You many have noticed that I haven’t been that active on here recently. I’ve wanted to be, but I just haven’t had the mindset to write or blog. I haven’t really had the mindset for anything. As you’ve gathered by the title, it’s because I was trying to find my father.
Now, I’ve tried to do this many times since I was around 11 years old, with no success. So sometimes I take it up, hoping it goes somewhere, but knowing deep down it probably won’t, as everything else has failed.
I’ve even got a researcher involved this time, and I initiated this search around 3 months ago now. But these things take time, if anything even amounts, so I just carried on with everyday life. Around 3 weeks ago, I thought I was really getting somewhere, I almost found it hard to comprehend that his existence may even be a possibility.

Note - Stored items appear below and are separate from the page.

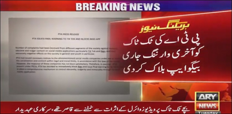 پی ٹی اے حکام نے ٹک ٹاک کو وارننگ اور بیگو ایپ کو بلاک کرنے کا باضابطہ اعلامیہ جاری کردیا۔
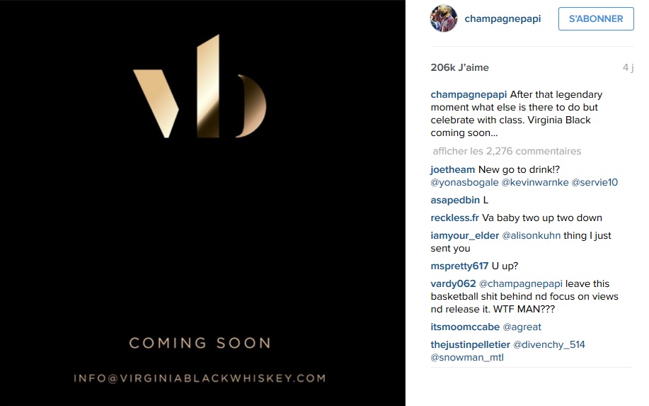Comme annoncé sur instagram, le Canadien sortira bientôt le "Virginia Black Whiskey".
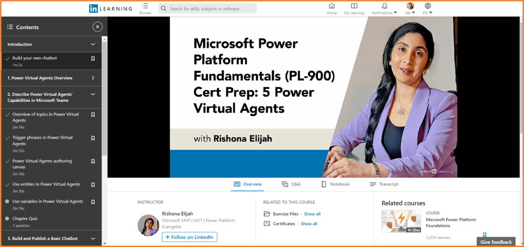 Happy to announce that my LinkedIn Learning course on Power Virtual Agents is available now! This is an introductory course (no prior knowledge or experience needed) that will take you through what you need to get started building your own chatbots with Microsoft’s no-code tool, Power Virtual Agents (PVA). With PVA, within minutes you can build a bot to use in Microsoft Teams- such as a bot that can answer your colleague’s HR questions, or submit their IT helpdesk requests.

Even though I know he’s a person, the last time I saw him was aged 2, I have no photos or anything, so I don’t have any recollection. It’s really like searching for the unknown, even though he knows I’m out there.
So when I felt like this recent search had it’s biggest break in forever, I still tried to keep very composed as I know usually, it doesn’t lead anywhere. But even a few people around me were quite sure it’s the guy, I started believing, oh maybe it is. Certain things matched up, other things didn’t.
I was very much in two minds, but obviously hoping for the best inside.
Now, it feels like I’ve hit a wall. Such a wall that it’s almost impossible to knock down or get past. It feels like the possibility of maybe finding my father is slipping away again and there’s nothing I can do. I try chiseling, at the wall, but no amount is enough, or even making the slightest difference.
Emotionally for me, it’s been a rollercoaster. I always get emotional on the topic, so I normally just talk about something else, or think about it for a bit, try some searches, then put it towards the back of my mind as much as I can.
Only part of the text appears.